State Wrestles With How To Make Developers Keep Their Promises

The state is considering appealing a Big Island judge’s recent decision to allow a project in South Kohala to move forward.

The state Land Use Commission said developers missed deadlines for building affordable housing, and earlier this year, reverted the land classification for the Villages of Aina Lea from agricultural to urban.

The move halted development of the $250 million project and raised questions about what would happen to housing that had already been built on the land.

The developers — Bridge Aina Lea and DW Aina Lea — challenged the LUC's decision in court, saying that the LUC didn't follow an appropriate process in reclassifying the land back to agriculture. Judge Elizabeth Strance ruled in their favor, requiring commissioners to switch the land back to urban.

If Attorney General David Louie does appeal the decision, a higher court ruling could set a statewide precedent and strengthen — or even weaken — the land use commission's ability to force developers to abide by conditions imposed on them when projects are approved.

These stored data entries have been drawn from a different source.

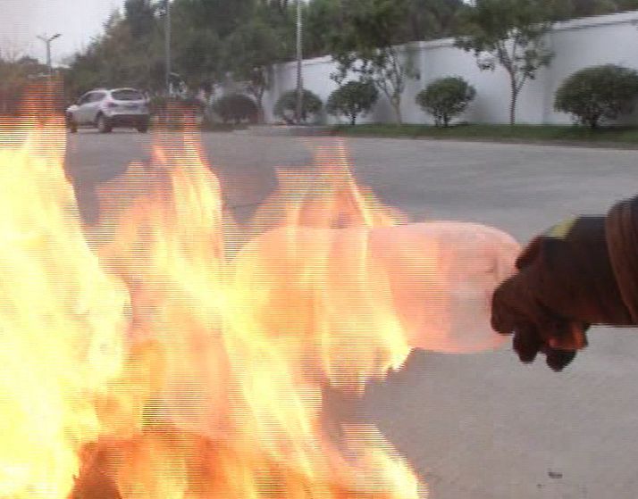 随后,消防人员又点燃了一个油盆,模拟火灾现场,并将套上丝袜的可乐瓶和猪肉肠靠近火焰。
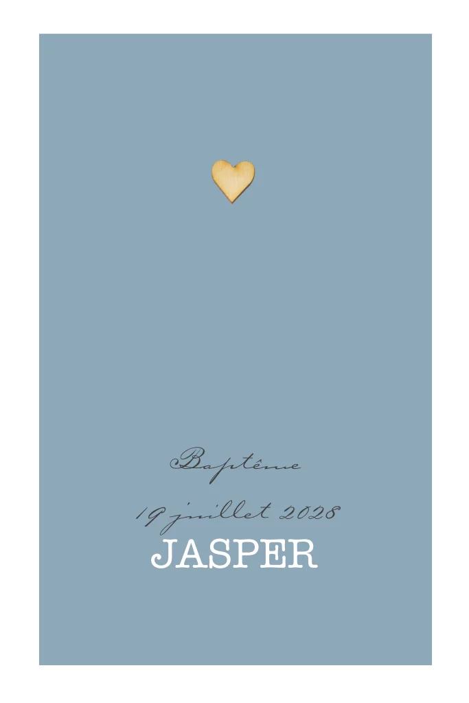 Faire-part de baptême élégant fond bleu-gris | élément bois en option
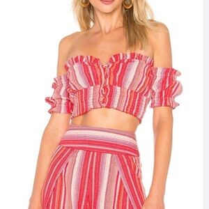 Ale by Alessandra Red, Orange, White Cropped Off The Shoulder Paulita Top
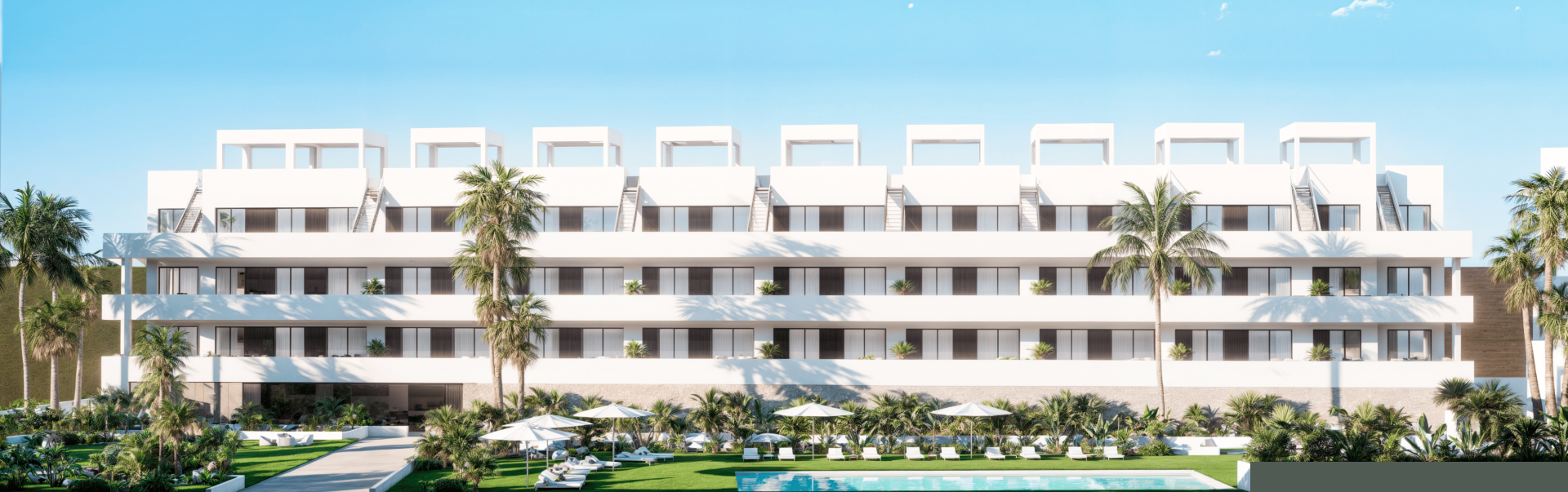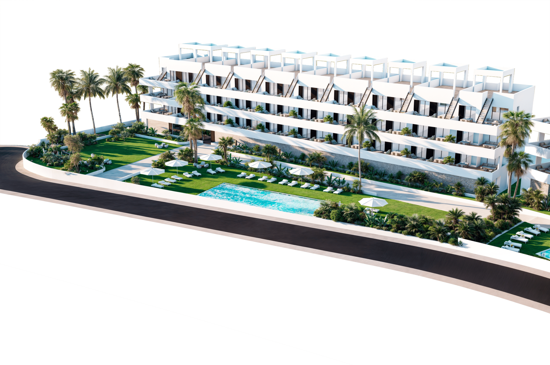 Здесь каждый момент будет наполнен комфортом и гармонией с природой. На обширной территории вы найдете ухоженные сады, где можно проводить время на свежем воздухе, наслаждаясь красотой окружающих ландшафтов. Для любителей активного отдыха предусмотрен общественный корт Paddle-теннис и фитнес-зона. Три прекрасно обустроенных общественных бассейна, уютно укрытых под тенью разнообразной растительности. А для самых маленьких есть специально оборудованная игровая зона, где они могут весело проводить время под наблюдением родителей. В дополнение к этому, вас ждет специально оборудованная уличная площадка для занятий спортом (калистеникой), а также точки зарядки для электромобилей, что делает этот курорт идеальным выбором для экологически сознательных жителей.
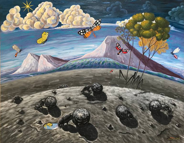 Surrealist landscape painting depicting a dynamic scene of nature's harmony and mystery. Vibrant butterflies fluttering amidst dramatic mountain peaks, alongside beetles rolling symbolic spheres under a starry sky. This dreamlike artwork blends surrealism and realism to create an engaging visual nar...
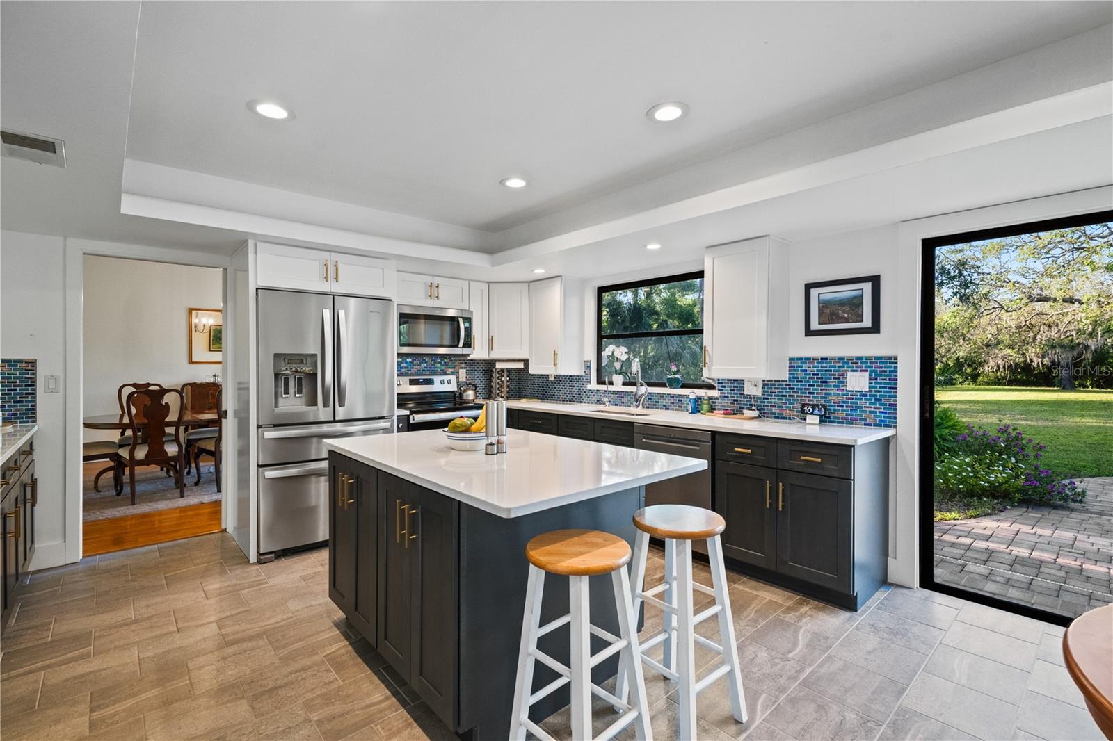 High & dry, no flooding during the two recent hurricanes! Come and see this gorgeous remodeled architectural marvel situated on 1.28 acres in Dunedin Florida only 4.7 miles away from Honeymoon Island and only 2 miles from the newly renovated Dunedin Golf Club and from the Pinellas Trail, while downtown Dunedin with its well renowned restaurants, coffee places is located only 3.5 miles away. Dunedin is a golf cart friendly quaint town right on the Gulf of America famously known for its Honeymoon Island natural park & beach and for its Downtown, full of life, restaurants and walkable streets. This two story Pool home is located well inside the 1.28 acres lot and it will welcome you with its imposing but also subtle colonial architectural vibe. The wide and deep three car garage and massive driveway will give you plenty of space to park all your toys, cars so it is ideal for large parties. This home conveniently features five bedrooms and 3 full bathrooms: the large primary bedroom with its recently fully remodeled large en-suite bathroom is located upstairs together with three other bedrooms served by an ample guest bath. There is also a downstairs bedroom and a fully remodeled guest bathroom located downstairs together with the Laundry room. The impressive entrance with high ceilings overlooking the stairs, will then open up on your left to the large formal living room and dining room space with plenty of light from multiple sets of windows that look over the massive backyard and front yard & with its uniquely charming vaulted ceilings, then to your right it will open up to a cozy living room with its vintage fireplace. The fully remodeled kitchen sits right in the middle of the house, connecting the formal living and dining space with the living room. This kitchen has everything and more for all your needs, including a fully functional island, lots of cabinets and a breakfast nook that overlooks the amazing pool and fabulous garden. Two sets of sliding doors connect the living areas to the backyard & pool, while an enclosed, covered patio, with impressively high and vaulted ceilings, will unexpectedly but pleasantly open up on the side of the house. The indescribable backyard view is filled with a wide open pool, with a large pavers deck, a pool that is also heated, salt system, chlorine free and conveniently remotely controlled via an app. The one acre plus backyard is absolutely outstanding and you will not be able to see the end of it. Just a reminder, this is a 3253 heated square feet custom built home on 1.28 acres, it has had a lot of work done to it, including the large kitchen with plenty of newer cabinets & extensive quartz countertops that give you a lot of space for your cooking, two fully remodeled bathrooms, it was recently partially painted outside and inside, it has a professional grade heated salt pool and SPA.! Also the sprinkler system is on a deep well, that will save you money in your water bill!. Last but not least, new water heater last year & new gutters throughout the house. The entire siding of the house is made of Hardie Plank for your peace of mind.
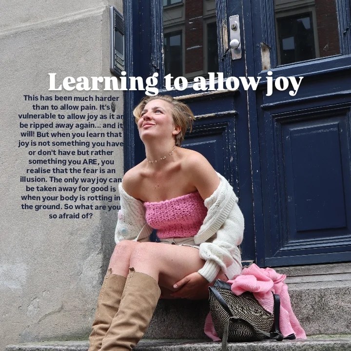 A: Going from invisible, inhibited and hyper alert everywhere and all the time, to being visible, free and relaxed has taken me basically all my 20’s to learn and it’s still a learning curve. It meant a lot of grieving how scared and worthless I felt, while being in so much doubt and mistrust, because I didn’t believe that it would ever change. Surrendering to the fact that I would never be free, finally made me stop fighting and grieve all that had happened up until that point. When you feel there is nothing ahead of you anymore, it feels like giving up, but really it’s more about giving in, to stop looking ahead and look behind instead. You can’t move forward if you haven’t yet accepted the past.
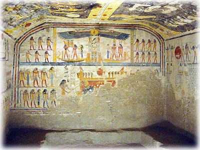 ![]() 墓の奥部、お棺が安置される部屋には、天井まで壁画が描かれていた。古代エジプト人の宇宙観を表す絵で、色味までくっきり残っている。写真では伝わりにくいのだけど、この絵は本当にスペーシーで、しばしこの空間で立ち止まってしまうほど |

It’s a case that land use attorneys, government officials and developers, in particular, are watching closely.

“The whole development community is buzzing about this – everyone knows about it,” said David Callies, a land use attorney and law professor at the University of Hawaii’s William S. Richardson law school.

In the case of the Villages of Aina Lea, it’s a tale of missed deadlines, extensions and an easing of requirements.

While plans for the project have gone through numerous changes, one requirement has always been to include affordable housing.